## EXERCISE REQUIREMENTS:
Scan the records beneath this line for the line holding "Image, MemesWhen all" and the line holding "- O botão frontal", then transcribe exactly those two and all lines between.

## DATA FOR THE TASK:
————

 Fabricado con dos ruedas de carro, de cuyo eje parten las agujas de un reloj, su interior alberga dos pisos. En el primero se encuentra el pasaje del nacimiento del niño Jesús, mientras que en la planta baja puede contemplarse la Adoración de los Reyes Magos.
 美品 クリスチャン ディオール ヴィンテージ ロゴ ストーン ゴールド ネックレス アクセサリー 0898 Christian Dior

————

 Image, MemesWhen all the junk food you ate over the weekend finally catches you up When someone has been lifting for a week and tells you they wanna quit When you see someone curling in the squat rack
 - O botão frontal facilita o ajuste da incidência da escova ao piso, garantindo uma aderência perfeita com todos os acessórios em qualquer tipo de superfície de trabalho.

————

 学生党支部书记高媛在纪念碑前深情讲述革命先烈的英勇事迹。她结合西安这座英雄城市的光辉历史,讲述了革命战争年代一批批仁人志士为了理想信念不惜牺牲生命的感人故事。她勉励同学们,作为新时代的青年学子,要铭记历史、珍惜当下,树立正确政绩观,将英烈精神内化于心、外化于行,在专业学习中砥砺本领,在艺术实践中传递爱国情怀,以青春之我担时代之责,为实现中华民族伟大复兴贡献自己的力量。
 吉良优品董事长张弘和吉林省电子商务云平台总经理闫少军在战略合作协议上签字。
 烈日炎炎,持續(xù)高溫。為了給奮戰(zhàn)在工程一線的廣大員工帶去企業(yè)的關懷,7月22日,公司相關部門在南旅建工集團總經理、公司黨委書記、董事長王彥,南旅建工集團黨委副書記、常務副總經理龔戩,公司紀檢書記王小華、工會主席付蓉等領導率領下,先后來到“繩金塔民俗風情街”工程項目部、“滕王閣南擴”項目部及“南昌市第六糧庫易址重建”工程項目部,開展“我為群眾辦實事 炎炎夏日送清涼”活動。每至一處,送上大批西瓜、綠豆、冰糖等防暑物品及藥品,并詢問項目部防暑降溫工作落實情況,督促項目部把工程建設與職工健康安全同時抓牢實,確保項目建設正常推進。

————

## ANSWER BOX:
 Image, MemesWhen all the junk food you ate over the weekend finally catches you up When someone has been lifting for a week and tells you they wanna quit When you see someone curling in the squat rack
 - O botão frontal facilita o ajuste da incidência da escova ao piso, garantindo uma aderência perfeita com todos os acessórios em qualquer tipo de superfície de trabalho.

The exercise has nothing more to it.